Schiaparelli, which is testing technologies for a rover due to follow in 2020, represents only the second European attempt to land a craft on the red planet. Britain's Beagle 2 was ejected from the Mars Express spacecraft in 2003 but never made contact after failing to deploy its solar panels on landing.

At the time it was dubbed "a heroic failure".

ESA said more information about Schiaparelli should be available on Thursday, when scientists have had a chance to analyse data from the orbiting craft.

"Cross your fingers, we still have hope," Woerner said.

Landing on Mars, currently some 56 million kilometres away from its nearest planetary neighbour Earth, is a notoriously difficult task that has thwarted most efforts by Russia and given US space agency NASA trouble as well.

The planet's hostile environment has not detracted from its allure, with US President Barack Obama recently highlighting his pledge to send people to the surface by the 2030s.

"With this mission we're laying the foundation for going there," astronaut Alexander Gerst, who is set to become the first German commander of the International Space Station in 2018, told Reuters TV.

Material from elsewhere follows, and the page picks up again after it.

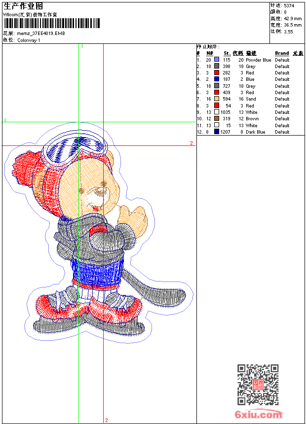 - emb花版参数: 大小:71.50 KB / 尺寸:37*43[毫米] / 针数:5374针 / 线色:8 / 格式:emb / 版本:9

Elon Musk's SpaceX is developing a massive rocket and capsule to transport large numbers of people and cargo to Mars with the ultimate goal of colonising the planet, and the U.S. entrepreneur has said he would like to launch the first crew as early as 2024.

LIFE ON MARS

The primary goal of ExoMars is to find out whether life has ever existed on Mars. The spacecraft on which the Schiaparelli lander travelled to Mars, Trace Gas Orbiter (TGO), carries an atmospheric probe to study trace gases such as methane around the planet.

Scientists believe that methane, a chemical that on Earth is strongly tied to life, could stem from micro-organisms that either became extinct millions of years ago and left gas frozen below the planet's surface, or that some methane-producing organisms still survive.

"If there is life in our solar system beyond Earth, then Mars is the most interesting planet," ESA's Woerner said.

The second part of the ExoMars mission, delayed to 2020 from 2018, will deliver a European rover to the surface of Mars. It will be the first with the ability to both move across the planet's surface and drill into the ground to collect and analyse samples.

The ExoMars 2016 mission is led by the European Space Agency (ESA), with Russia's Roscosmos supplying the launcher and two of the four scientific instruments on the trace gas orbiter. The prime contractor is Thales Alenia Space, a joint venture between Thales and Finmeccanica.

The cost of the ExoMars mission to ESA, including the second part due in 2020, is expected to be about €1.3 billion ($NZ1.8 billion). Russia's contribution comes on top of that.